### Dataset records

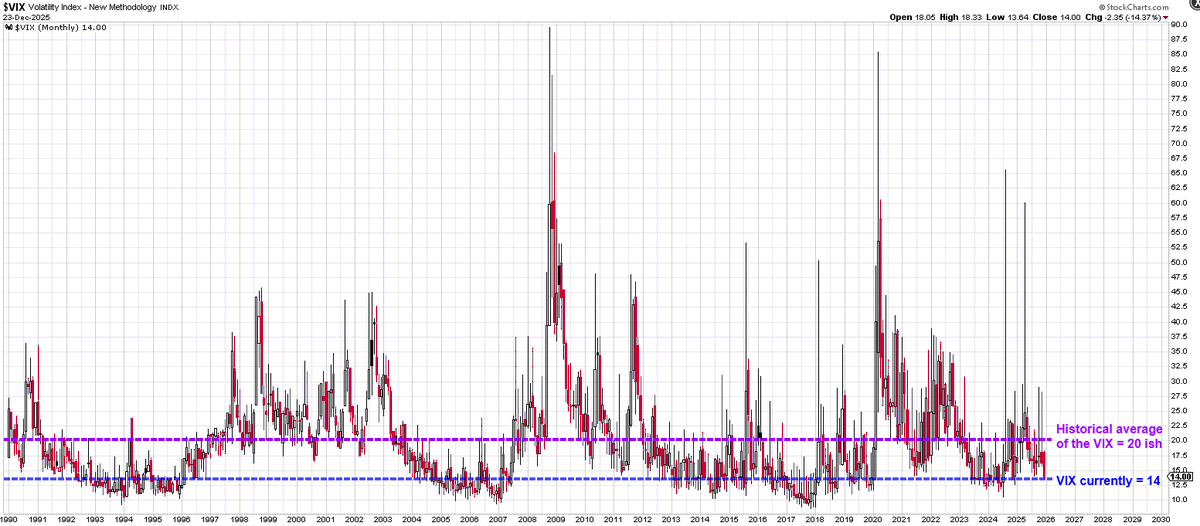 VIX 1990년 도입 이후 범위의 하단 근처.
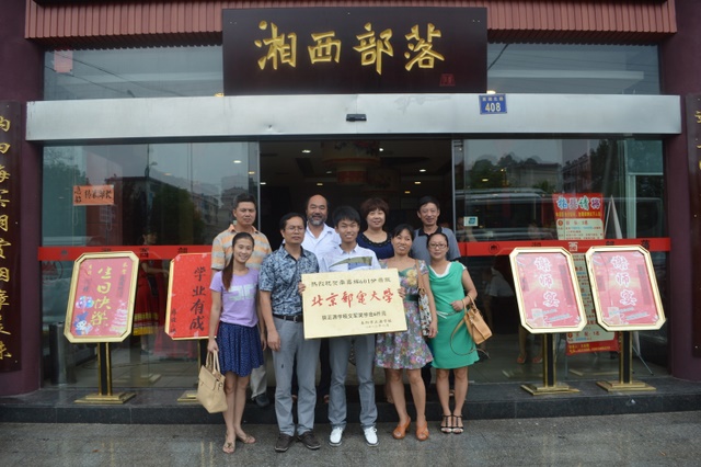 8月22日,罗湘云校长、梁晓芬董事率领学校部分老师来到李嘉辉同学家中,为李嘉辉考入北京邮电大学送去学校的祝贺。
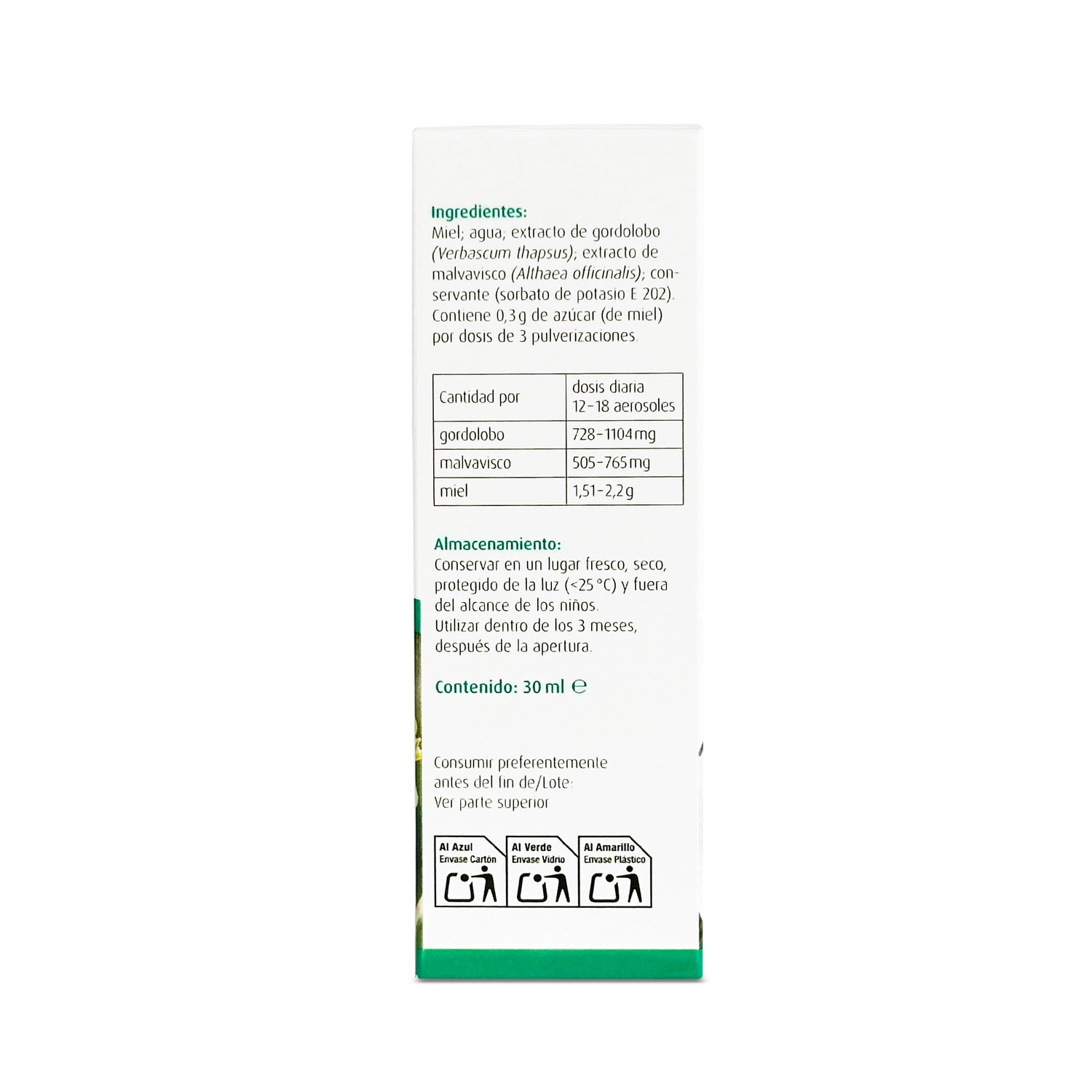 Contient 0,3 g de sucre (issu du miel) par dose de 3 pulvérisations.
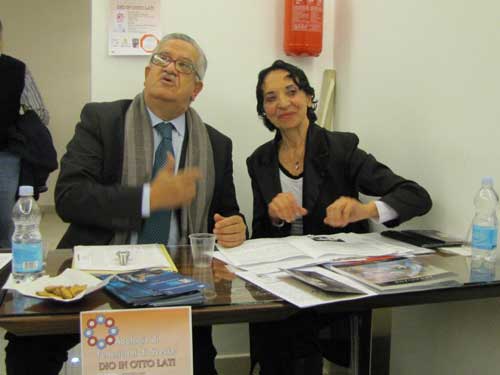 A colloquiare col numeroso pubblico presente sono stati il critico Gaetano Mongelli (formatosi alla scuola di Cesare Brandi, incaricato recentemente di una “expertise” su un presumibile “Van Gogh”), nonché docente di “Storia dell’arte moderna” all’Università di Bari, e l’artista figurativa Lidia Croce (foto 3, i relatori), intervenuta al vernissage del dipinto da lei dedicato a “Federico II architetto” (foto del titolo).
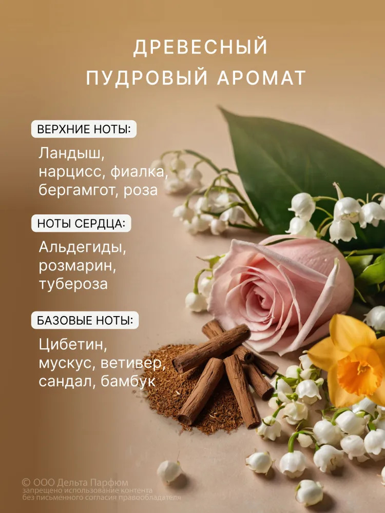 Туалетная вода женская обладает неповторимым шармом, благодаря своему семейству ароматов — цветочные, зелёные — и гармоничному сочетанию нот. Верхние ноты парфюма раскрываются нежным ландышем, очаровательным нарциссом, изящной фиалкой и благородной розой, создавая атмосферу весенней свежести. Ноты сердца раскрываются неповторимым альдегидным аккордом, который придает аромату особую глубину и объем. Дополняют его свежий розмарин и экзотическая тубероза, наполняя аромат яркими красками и акцентами. В базовых нотах парфюмированной воды вы услышите теплые и обволакивающие аккорды цибетина, сандала, бобов тонка и мускуса. Они создают неповторимый шлейф, который будет сопровождать вас в течение всего дня, оставляя после себя ощущение таинственности и загадочности.
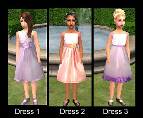 Make sure to download KiaraRawks' Ballgown Mesh (you'll need this for these dresses to show up in game)
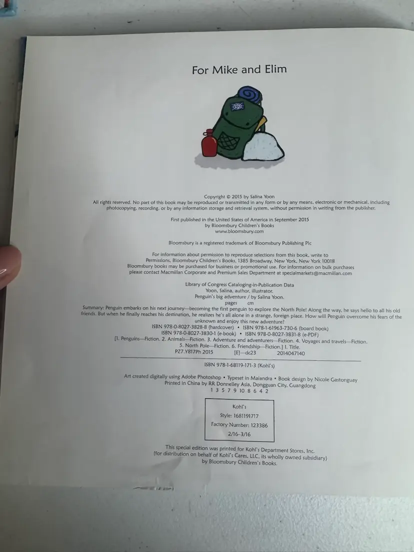 Penguin’s Big Adventure By Salina Yoon, A Kohl’s Care Book Hard Cover Vintage 2015
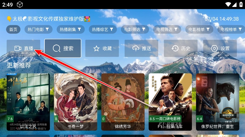 1. 开启太极影视App,轻点直播选项,稍作等待,就能观看直播频道。
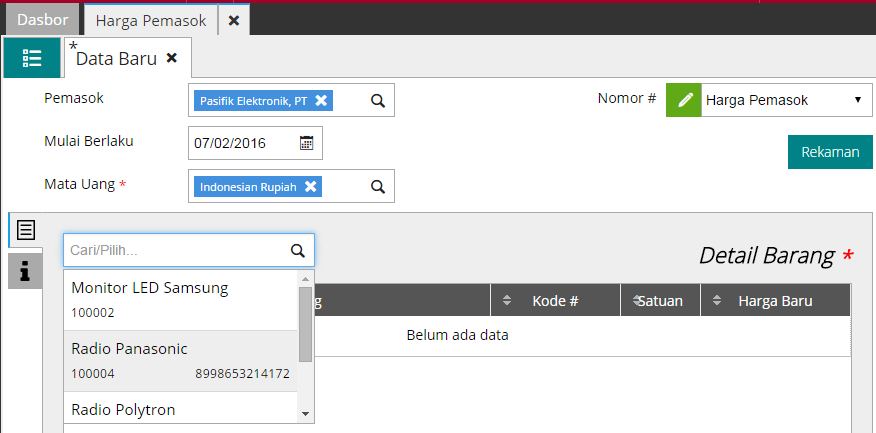 2. Lengkapi field Nama Pemasok, Mulai Berlaku dan Mata Uang. Kemudian pada bagian Cari/Pilih, masukan nama barang yang akan dimasukan daftar harganya.
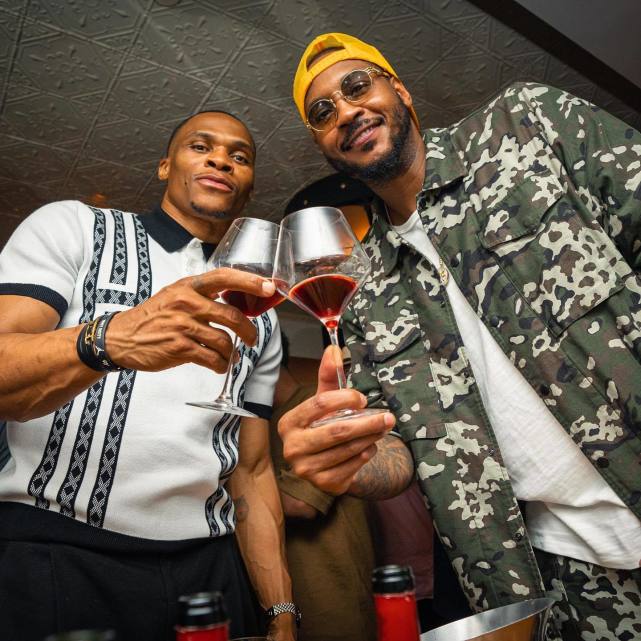 来源:jrs直播网09-14 15:15jrs直播网09月14日,湖人球星威少亮相位于纽约的Vin Sur Vingt酒吧,为安东尼的红酒品牌VII(N) 捧场。安东尼晒出的动态中,威少和甜瓜碰杯合影,威少还拿着红酒冲着镜头说:“我为我的兄弟Melo而来,祝贺你,Melo,坚持你所做的事,这瓶我就带走了。干杯!”
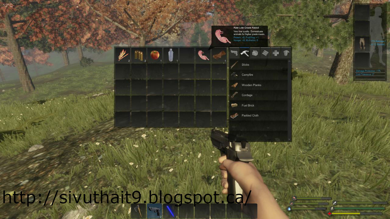 Its a typical wilderness survival game set in modern times.You start in the middle of nowhere with a pistol with eight shots,an axe, a glow-stick,an apple,a water bottle and some matches. The goal is to survive the wilds and eventually build a base.
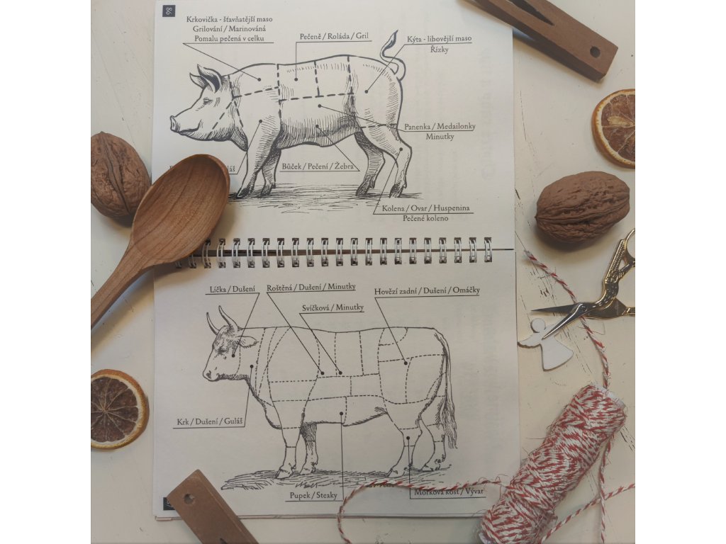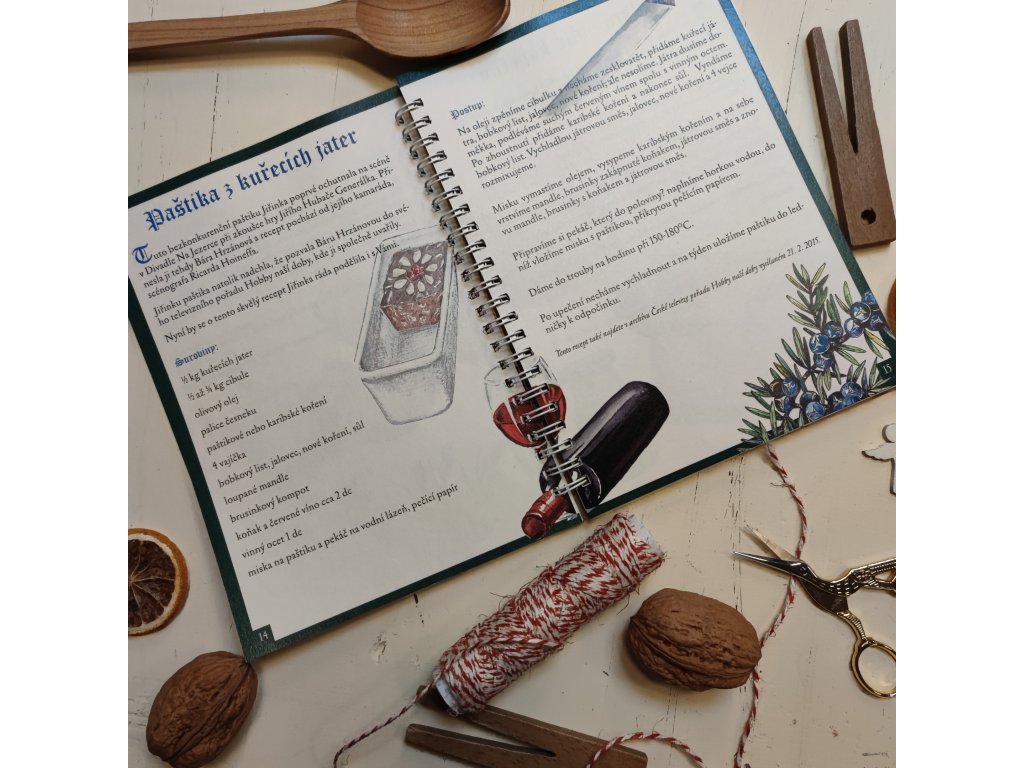 Jedinečný receptář s jedenácti recepty od Jiřiny Bohdalové, které uvařila se slavnými herci a přáteli, do kterého si můžete zapisovat vaše rodinné recepty a krásná zástěra s motivem jezevčíků. Právě toto psí plemeno má v oblibě rodina Jiřiny Bohdalové již po generace. S nostalgií Jiřinka vzpomíná na pokolení jezevčíků jejího tatínka a ona v této tradici s láskou pokračuje. Současným mazlíčkem je štěně drsnosrstého jezevčíka Růženka. Je mazlivá, chytrá a je s ní velká legrace.
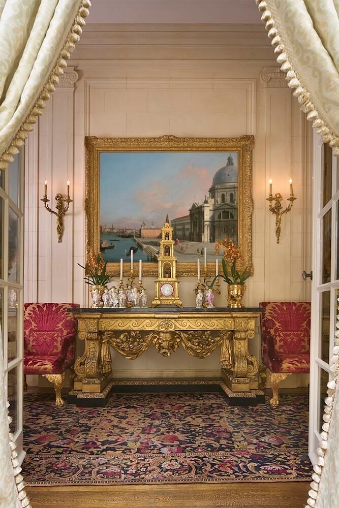 这对特色扶手椅由家具工匠威廉及约翰·林内尔(William andJohn Linnell)约于1754年制作,摆放于伯明顿庄园内的中式卧室(英国最著名的中式房间之一)。林内尔的原有设计图被保留下来,成为原有委托的珍贵记录,而套房内同样知名的睡床和另外两张扶手椅,则藏于伦敦国立维多利亚阿伯特博物院。这对扶手椅体现西方人眼中的中式家具设计,象征十八世纪欧洲人对异国事物的热爱。这对扶手椅设于盖蒂夫妇家中的客厅内,以巧妙而浪漫的方式交织出盖蒂夫人对中国的憧憬,并优雅地守候在这间美国显赫名宅的大门附近。

### Directions for this task
Would you please repeat all the data word for word, but without the pictures?

### Finished task
 VIX 1990년 도입 이후 범위의 하단 근처.
 8月22日,罗湘云校长、梁晓芬董事率领学校部分老师来到李嘉辉同学家中,为李嘉辉考入北京邮电大学送去学校的祝贺。
 Contient 0,3 g de sucre (issu du miel) par dose de 3 pulvérisations.
 A colloquiare col numeroso pubblico presente sono stati il critico Gaetano Mongelli (formatosi alla scuola di Cesare Brandi, incaricato recentemente di una “expertise” su un presumibile “Van Gogh”), nonché docente di “Storia dell’arte moderna” all’Università di Bari, e l’artista figurativa Lidia Croce (foto 3, i relatori), intervenuta al vernissage del dipinto da lei dedicato a “Federico II architetto” (foto del titolo).
 Туалетная вода женская обладает неповторимым шармом, благодаря своему семейству ароматов — цветочные, зелёные — и гармоничному сочетанию нот. Верхние ноты парфюма раскрываются нежным ландышем, очаровательным нарциссом, изящной фиалкой и благородной розой, создавая атмосферу весенней свежести. Ноты сердца раскрываются неповторимым альдегидным аккордом, который придает аромату особую глубину и объем. Дополняют его свежий розмарин и экзотическая тубероза, наполняя аромат яркими красками и акцентами. В базовых нотах парфюмированной воды вы услышите теплые и обволакивающие аккорды цибетина, сандала, бобов тонка и мускуса. Они создают неповторимый шлейф, который будет сопровождать вас в течение всего дня, оставляя после себя ощущение таинственности и загадочности.
 Make sure to download KiaraRawks' Ballgown Mesh (you'll need this for these dresses to show up in game)
 Penguin’s Big Adventure By Salina Yoon, A Kohl’s Care Book Hard Cover Vintage 2015
 1. 开启太极影视App,轻点直播选项,稍作等待,就能观看直播频道。
 2. Lengkapi field Nama Pemasok, Mulai Berlaku dan Mata Uang. Kemudian pada bagian Cari/Pilih, masukan nama barang yang akan dimasukan daftar harganya.
 来源:jrs直播网09-14 15:15jrs直播网09月14日,湖人球星威少亮相位于纽约的Vin Sur Vingt酒吧,为安东尼的红酒品牌VII(N) 捧场。安东尼晒出的动态中,威少和甜瓜碰杯合影,威少还拿着红酒冲着镜头说:“我为我的兄弟Melo而来,祝贺你,Melo,坚持你所做的事,这瓶我就带走了。干杯!”
 Its a typical wilderness survival game set in modern times.You start in the middle of nowhere with a pistol with eight shots,an axe, a glow-stick,an apple,a water bottle and some matches. The goal is to survive the wilds and eventually build a base.
 Jedinečný receptář s jedenácti recepty od Jiřiny Bohdalové, které uvařila se slavnými herci a přáteli, do kterého si můžete zapisovat vaše rodinné recepty a krásná zástěra s motivem jezevčíků. Právě toto psí plemeno má v oblibě rodina Jiřiny Bohdalové již po generace. S nostalgií Jiřinka vzpomíná na pokolení jezevčíků jejího tatínka a ona v této tradici s láskou pokračuje. Současným mazlíčkem je štěně drsnosrstého jezevčíka Růženka. Je mazlivá, chytrá a je s ní velká legrace.
 这对特色扶手椅由家具工匠威廉及约翰·林内尔(William andJohn Linnell)约于1754年制作,摆放于伯明顿庄园内的中式卧室(英国最著名的中式房间之一)。林内尔的原有设计图被保留下来,成为原有委托的珍贵记录,而套房内同样知名的睡床和另外两张扶手椅,则藏于伦敦国立维多利亚阿伯特博物院。这对扶手椅体现西方人眼中的中式家具设计,象征十八世纪欧洲人对异国事物的热爱。这对扶手椅设于盖蒂夫妇家中的客厅内,以巧妙而浪漫的方式交织出盖蒂夫人对中国的憧憬,并优雅地守候在这间美国显赫名宅的大门附近。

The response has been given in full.